• **WHAT YOU ARE ASKED TO DO**:
Please output the listing below character for character and omit the images.

• **RECORDS TO PROCESS**:
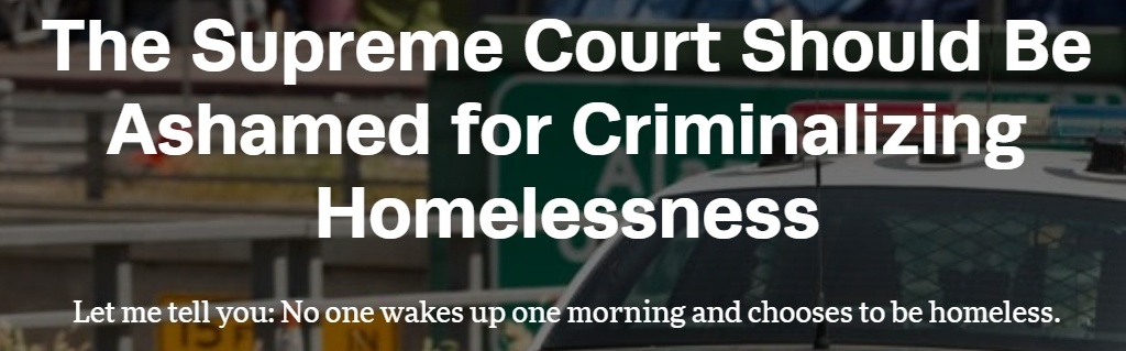 代表無家可歸者的律師們稱,不敢相信憲法允許城市懲罰無家可歸的居民,僅僅因為他們在無處可去的情況下,裹著毯子在戶外睡覺。
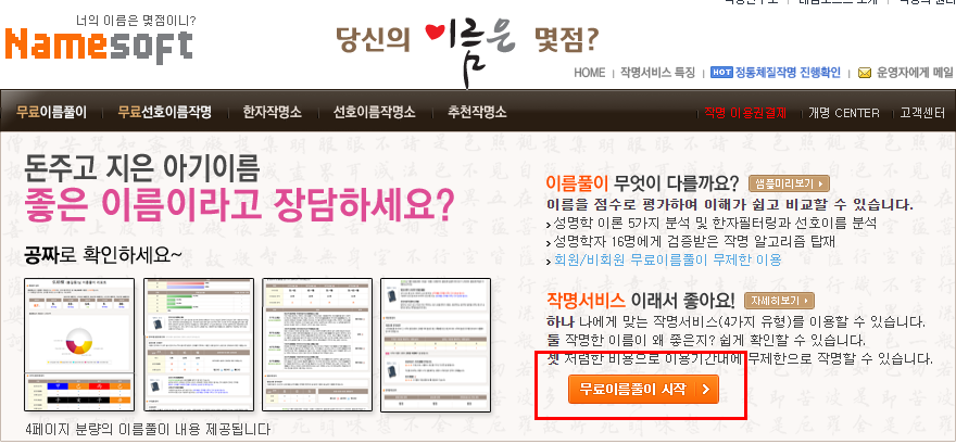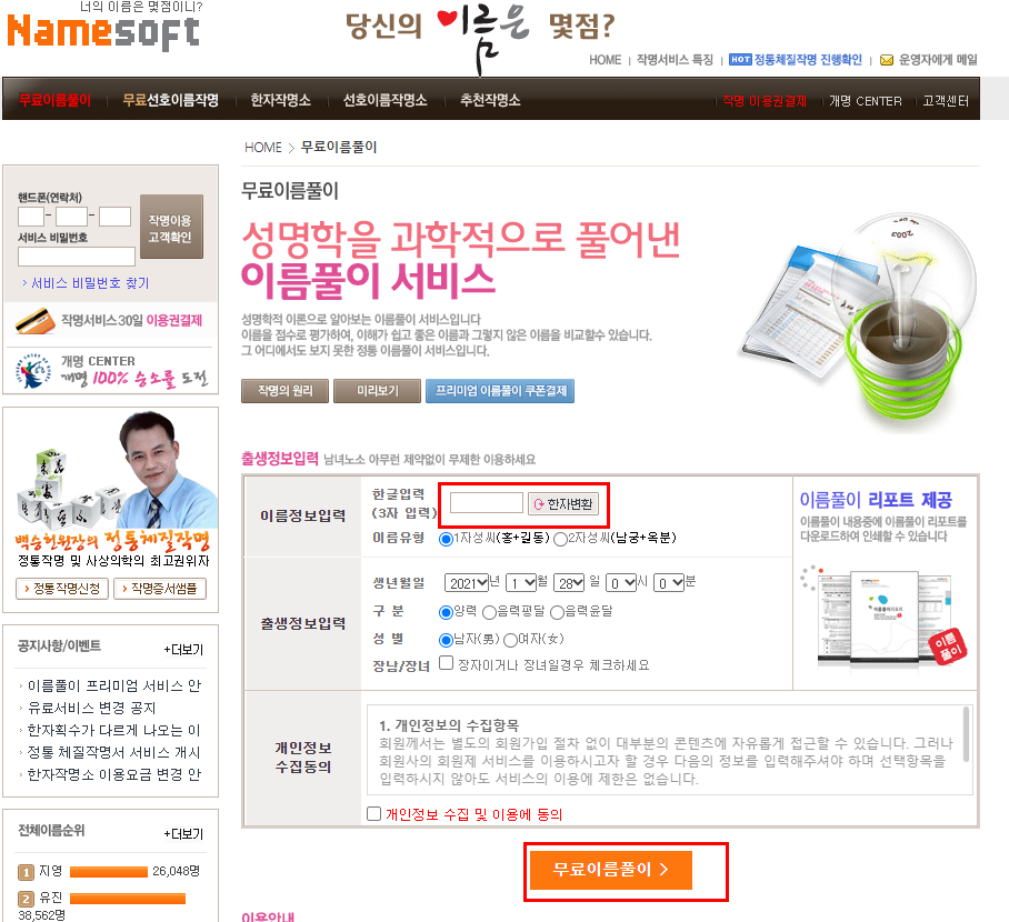 이름입력후 > 한자변환 > 무료이름 풀이시작
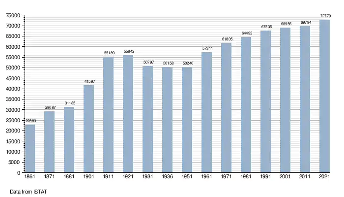 As of December 31, 2023, foreigners residents in the municipality were 6,580, i.e. 8.9% of the population. The largest foreign community comes from Albania, with 31.4% of all foreigners present in the municipality, followed by Tunisia and Romania.[10][11]
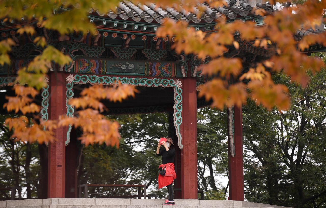 서울 중구 남산을 찾은 한 시민이 물들어가는 나무 아래에서 가을 정취를 만끽하고 있다./김현민 기자 kimhyun81@
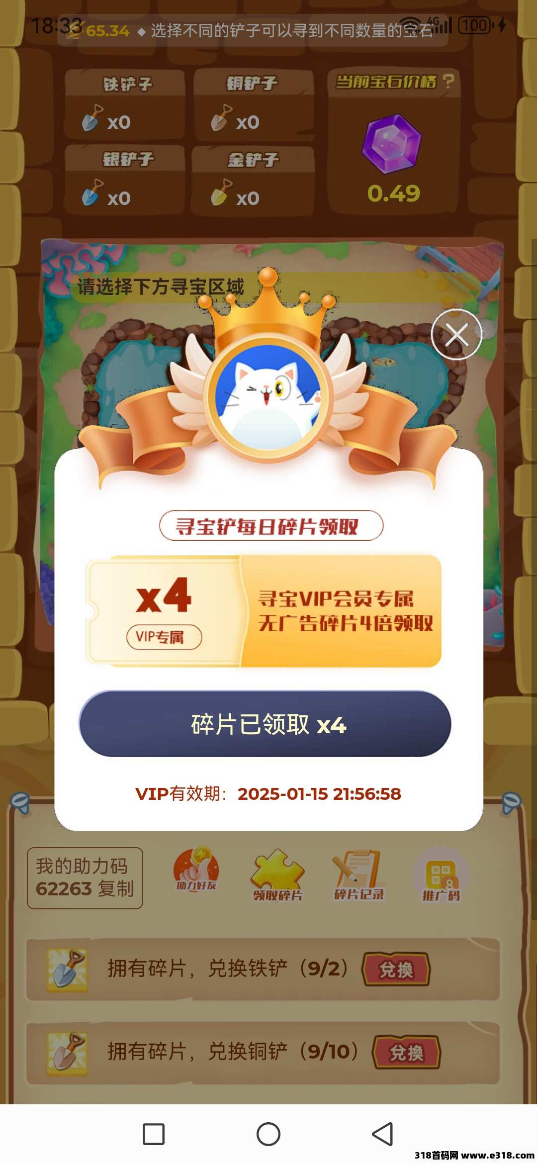 系统赠送的碎片进行挖宝获得宝石,如果挖到宝石不消耗铲子可以继续挖,无限白嫖,挖到一个宝石等于0.5元,这些都是可以提现到微信的,秒到。

• **ANSWER AREA**:
 代表無家可歸者的律師們稱,不敢相信憲法允許城市懲罰無家可歸的居民,僅僅因為他們在無處可去的情況下,裹著毯子在戶外睡覺。
 이름입력후 > 한자변환 > 무료이름 풀이시작
 As of December 31, 2023, foreigners residents in the municipality were 6,580, i.e. 8.9% of the population. The largest foreign community comes from Albania, with 31.4% of all foreigners present in the municipality, followed by Tunisia and Romania.[10][11]
 서울 중구 남산을 찾은 한 시민이 물들어가는 나무 아래에서 가을 정취를 만끽하고 있다./김현민 기자 kimhyun81@
 系统赠送的碎片进行挖宝获得宝石,如果挖到宝石不消耗铲子可以继续挖,无限白嫖,挖到一个宝石等于0.5元,这些都是可以提现到微信的,秒到。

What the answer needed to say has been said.